… and personal accountability.
Perception is reality.
The world seems to laud President Obama and the Democrats for providing Health Care to the masses here in the land of the Unwashed and Uninsured. The Republicans seem to want to scuttle the plan to leave us at the mercy of unethical and overpriced hospitals.
Using my own overly-simplistic and skewed terms, here is how I view the difference between the Republican Party and the Democrats: Republicans want to have minimal government and give everyone the opportunity to do well. Freedom but also responsibility.
Democrats – and Liberals in Canada as this is actually where I realized this – believe that the government should think for the folks because the folks are too stupid to think for themselves.
Recently pointed out to me was that the US, despite it’s panic to NOT be socialist/communist, has the largest welfare system in the world – Social Security. Using that interesting interpretation of the facts, I would like to point out that the US has the largest and most successful private Health Care in the world.
Obama et al spouted the fact that 20% of Americans were uninsured. That means that 254 million people successfully have Health Care Insurance. When you turn 65, you become enrolled in Medicare, administered by the government with an affordable premium and the health care provider sends the bill to the government. If you are poor, there is MedicAid, paying for the birthing of many an inner-city teenager’s child.
For everyone in between, it’s ‘user-pay’. If you are a family of six, your premiums will be significantly more than mine, single, who doesn’t smoke, drink or buy lottery tickets. Like car insurance, the lower the deductible, the higher the premium. Generally, a doctor’s visit involves a co-pay. Thirty-five dollars cuts down on frivolous visits for every hangnail and runny nose.
To me, that seems like a sensible way to run a business – which Health Care is. If you smoke, you pay. If you have six children, you pay.
I learned a long time ago that the value placed on an item is in direct proportion to the time or money invested.
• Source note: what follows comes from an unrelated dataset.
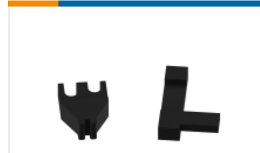
TE 产品编号2217529-1 HOLD DOWN, TERMINAL

Here at the RV Park, as a Workamper, I don’t pay for electricity up to $75 per month. I pay for propane. When I cook potatoes, I first boil the water in the electric kettle using “free” electricity before putting the saucepan on the stove to cook, using propane that I have to pay for.
I heat the camper with an electric heater because electricity is “free’ and running the furnace, although a better heat source, burns propane, which I pay for.
It’s human nature that something that costs nothing is of less value. If one has to pay the first $35 of a $110 doctor’s visit, I can guarantee there are less people in the waiting room than if there was no co-pay and it was “free”.
Individual accountability is what it comes down to.
Outside the US, the perception may be that ObamaCare has radically changed the Insurance Industry. ObamaCare is not a takeover of the Insurance Industry. The government is involved, but it’s beau de loin, mais loin d’être beau… good from far but far from good.
The government does indeed run the website – exchange – the one that cost millions and didn’t work so well. You fill in some personal information and your financial worthiness is based on the previous year’s tax form. That puts you into Category X. Numerous choices are shown to you, from various Private Insurance companies. You select the monthly premium and the deductible that you are comfortable with.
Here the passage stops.